Osservando il lavoro della compagnia, non si può che notare lo strabiliante utilizzo del corpo. Scenograficamente appagante, energicamente brillante e misurato in tutti i suoi micro movimenti, non può che essere considerato il protagonista assoluto di qualunque loro produzione teatrale. Da Hotel Paradiso Teatro Delusio, l’essenza della trama consiste nel corpo dinamico in scena. Gli attori sezionano e disarticolano ogni segmento corporeo, evocando le marionette del teatro di figura. Non è un caso, inoltre, che la scuola di provenienza degli attori (Folkwang Universität di Essen) abbia avuto nel corpo docente Pina Bausch, la coreografa capostipite degli studi di danza contemporanea. Comunemente definito “teatro danza”, questo filone di ricerca evoca e adatta elementi della danza classica. L’obiettivo consiste nella rielaborazione del concetto di corpo scenico e nella sintesi di un movimento non convenzionale. Lo studio unifica riferimenti alla quotidianità a gesti espressivi, in un connubio armonico.

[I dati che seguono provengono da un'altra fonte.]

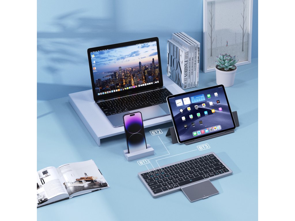 Klávesnice je jedním z nejdůležitějších doplňků potřebných k ovládání elektronických zařízení v kanceláři i doma. Výrobek značky Dux Ducis je bezdrátová klávesnice s vestavěným výklopným touchpadem. Klávesnice je kompatibilní s mnoha systémy, jako jsou iOS, iPad OS, Android, Windows. Vestavěný touchpad podporuje multi-touch, tj. gesta prováděná více než jedním prstem. Modul Bluetooth klávesnice umožňuje ovládat až 3 zařízení současně - stačí pomocí funkčních kláves přepínat mezi vybranými zařízeními. Klávesnice je vybavena ochranným pouzdrem, které lze použít jako stojánek pro telefon nebo tablet.
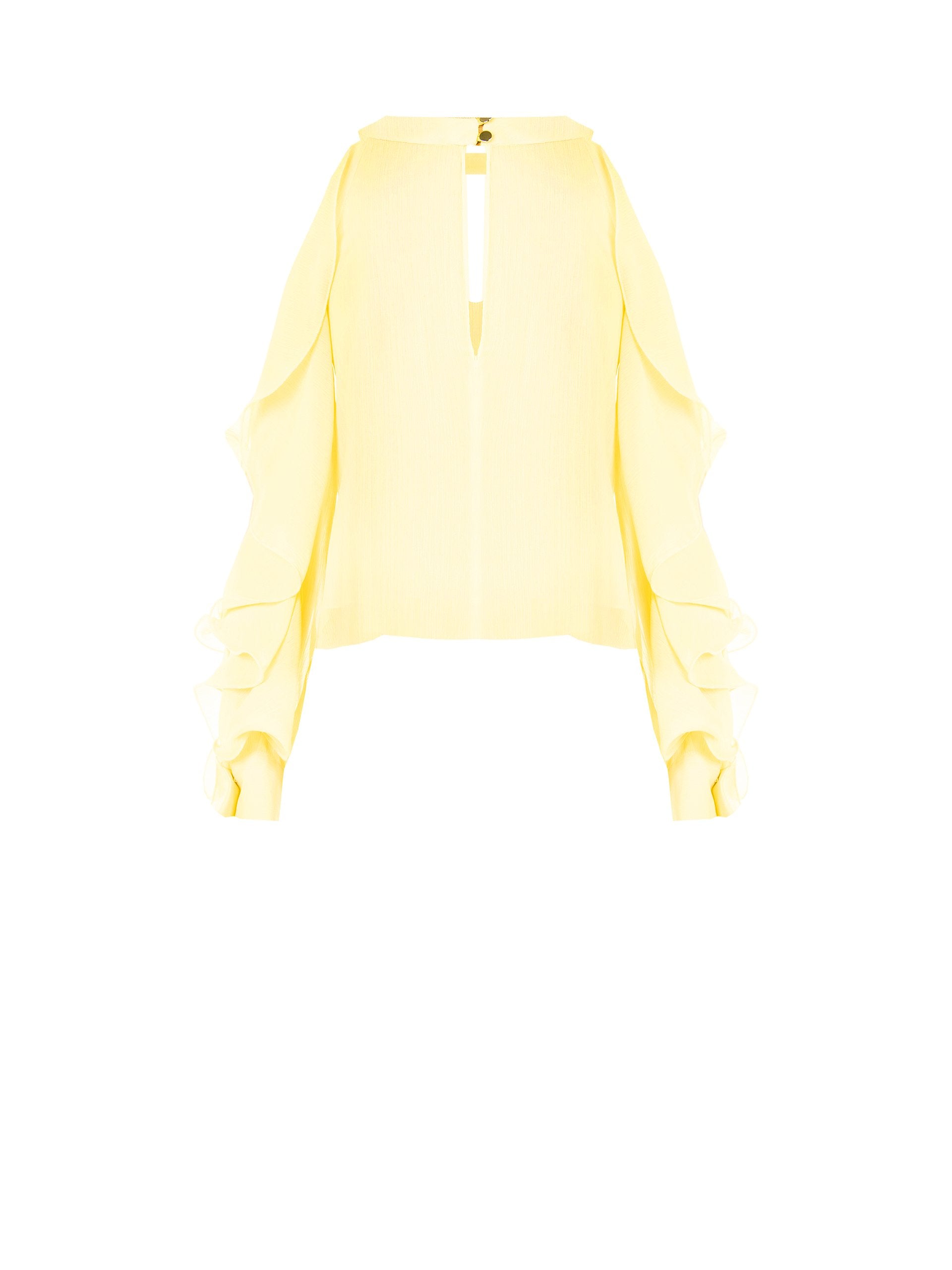 Realizzata in georgette leggermente operata, la Blusa con Rouches presenta spalle scoperte e maniche decorate da rouches che donano movimento e leggerezza alla silhouette. Il design privo di chiusura enfatizza la fluidità del tessuto e il mood raffinato del capo.
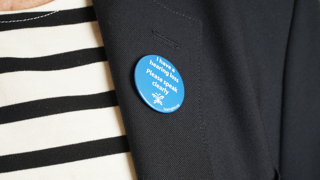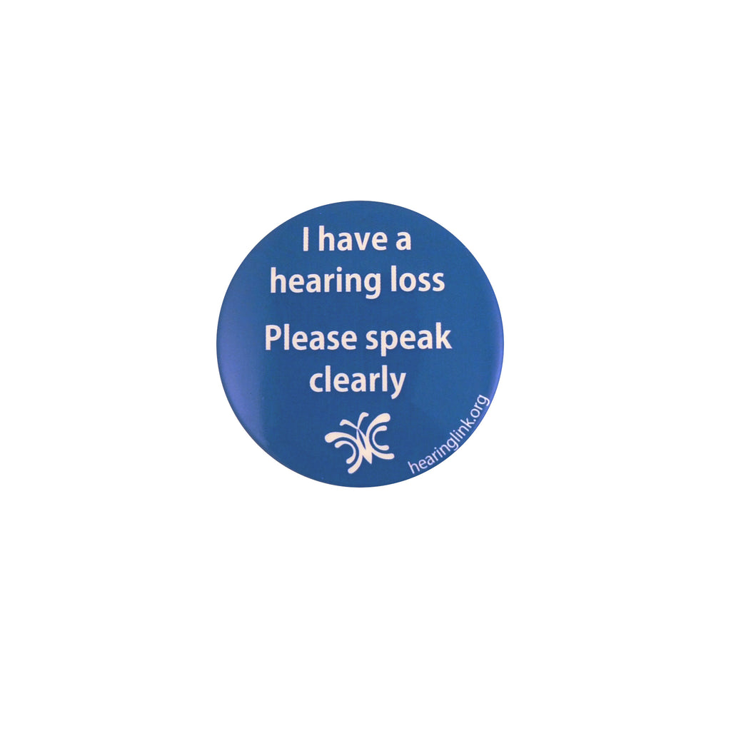 'I have hearing loss - please speak clearly' pin badge
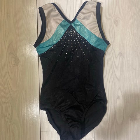 Upea samettinen jumppapuku. Napakka materiaali ja kapea malli. Ei kokomerkintää mutta menee arviolta 104-110 kokoa käyttävälle.

Familie Flöz offre una delle prospettive di analisi più interessanti sulla scena contemporanea. L’intenso sguardo autocritico e le numerose riflessioni metateatrali non impediscono allo spettacolo di possedere un’immensa carica energetica e vitalità scenica, al punto che The Guardian afferma:

Senza parole eppure così espressiva, struggente e allo stesso tempo piena di gioia, questa è una magistrale commedia.